Comparing Jupiter's equatorial X-ray emissions with solar X-ray flux
over 19 years of the Chandra mission
Abstract
We present a statistical study of Jupiter’s disk X-ray emissions using
19 years of Chandra X-Ray Observatory (CXO) observations. Previous work
has suggested that these emissions are consistent with solar X-rays
elastically scattered from Jupiter’s upper atmosphere. We showcase a new
Pulse Invariant (PI) filtering method that minimises instrumental
effects which may produce unphysical trends in photon counts across the
nearly-two-decade span of the observations. We compare the CXO results
with solar X-ray flux data from the Geostationary Operational
Environmental Satellites (GOES) X-ray Sensor (XRS) for the wavelength
band 1-8 Å (long channel), to quantify the correlation between solar
activity and jovian disk counts. We find a statistically significant
Pearson’s Correlation Coefficient (PCC) of 0.9, which confirms that
emitted jovian disk X-rays are predominantly governed by solar activity.
We also utilise the high spatial resolution of the High Resolution
Camera Instrument (HRC-I) on board the CXO to map the disk photons to
their positions on Jupiter’s surface. Voronoi tessellation diagrams were
constructed with the JRM09 (Juno Reference Model through Perijove 9)
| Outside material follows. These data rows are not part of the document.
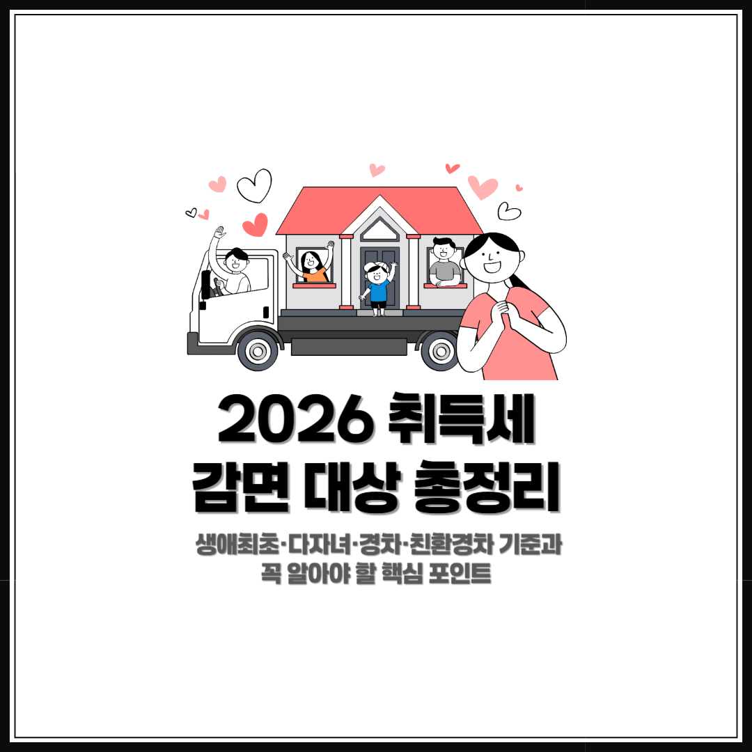 취득세 감면 대상 총정리 (2026년 최신) – 생애최초·다자녀·경차·친환경차 기준과 꼭 알아야 할 핵심 포인트
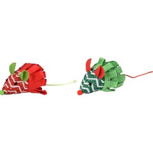 Plyšová hračka pre mačky v tvare myši je vyrobená z plyšu a tkaniny s vianočným vzorom.
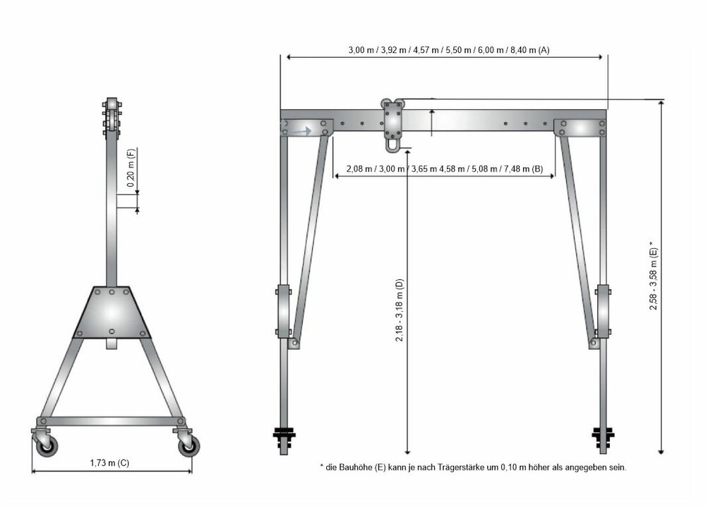 *** die Bauhöhe (E) kann je nach Trägerstärke um 0,10 m höher als angegeben sein.
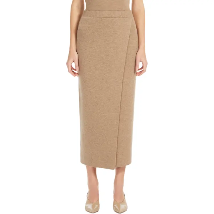 MaxMara Umbria Коллекция Straight Шерсть And Кашемир Юбка Повседневный Длинный Юбка Женские Hazelnut Коричневый
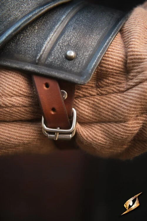 Epic Armoury’s Shoulderplates are a set of two shoulder guards with spaulders. The spaulders have three ridged metal plates–or lames–overlaying one another to provide laminate protection of the upper arms. The shoulderplates are fastened with leather straps around the biceps and at the shoulder blade, attaching to a breastplate. Epic Armoury breast- and backplates can be purchased separately and have fittings for mounting the shoulders.
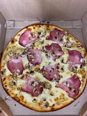 - пицца "Карбонара" (32 см, 620 г): ): тонкое тесто, грибы шампиньоны, грудинка, белый пицца соус, сыр моцарелла

internal field model overlaid to identify any spatial preference of
equatorial photons. After accounting for area and scattering across the
curved surface of the planet, we find a preference of jovian disk
emission at 2-3.5 Gauss surface magnetic field strength. This suggests
that a portion of the disk X-rays may be linked to processes other than
solar scattering: the spatial preference associated with magnetic field
strength may imply increased precipitation from the radiation belts, as
previously postulated.